И стал карабкаться дальше. Через несколько минут я взглянул вверх. Расщелина расширялась, и свет становился все ярче. Только…
Это оказался вовсе не дневной свет!
Скоро я разглядел, что это за свет, и готов был разбить себе голову о камни от разочарования. Я увидел склон, поросший целым лесом небольших булавовидных грибов, светившихся мягким серебристым светом. С минуту я смотрел на нежное сияние, затем прыгнул в самую середину грибной заросли. Я сорвал с полдюжины грибов и с досадой расшиб их о камни; сел и рассмеялся желчно.
Скоро показалось красное лицо Кавора.
— Опять фосфоресценция, — крикнул я ему, — не стоит торопиться. Присаживайтесь и будьте как дома.
Он пробормотал что-то по поводу постигшей нас неудачи, Я принялся сшибать грибные макушки и сбрасывать их в расщелину.
— Я думал, что это дневной свет, — проговорил Кавор.
— Дневной свет! — воскликнул я. — Утренняя заря, закат Солнца, облака, небо. Увидим ли мы все это когда-нибудь?

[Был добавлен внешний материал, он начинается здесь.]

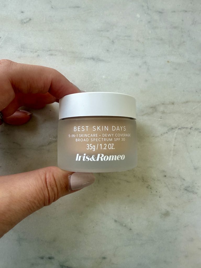 While I think Weekend Skin is Iris & Romeo’s superior product, Best Skin Days comes in more shades and is a little closer to a foundation in its coverage. This one has a whipped texture that can be polarizing; I find it blends the best with a damp sponge (you can never go wrong with a Beautyblender), which leaves your skin with a fresh, dewy finish. It does have SPF too, which is a bonus. I use shade 4 in this one.

Говоря это, я вдруг ясно представил себе наш земной мир так отчетливо и ярко, как задний план какой-нибудь старой итальянской картины.
— Изменчивый колорит неба, моря, зеленые холмы и рощи, солнечные города и деревни. Вспомните, Кавор, как блестят крыши при закате. Вспомните, как пламенеют от Солнца окна!
Он не отвечал.
— А тут мы пресмыкаемся в этом диком мире. Что это за мир, с чернильным морем, запрятанным в бездне, на поверхности — то дневной зной, то мертвящая тишина ночи. И эти существа, гонящиеся за нами, покрытые чешуей, насекомые-люди, порождение кошмара! Впрочем, они правы. Зачем мы явились сюда давить их и разрушать их мир? Теперь уже вся планета знает о нашем прибытии, и все гонятся за нами. Каждую минуту мы можем услышать их писк или гонг. Что нам делать? Куда скрыться?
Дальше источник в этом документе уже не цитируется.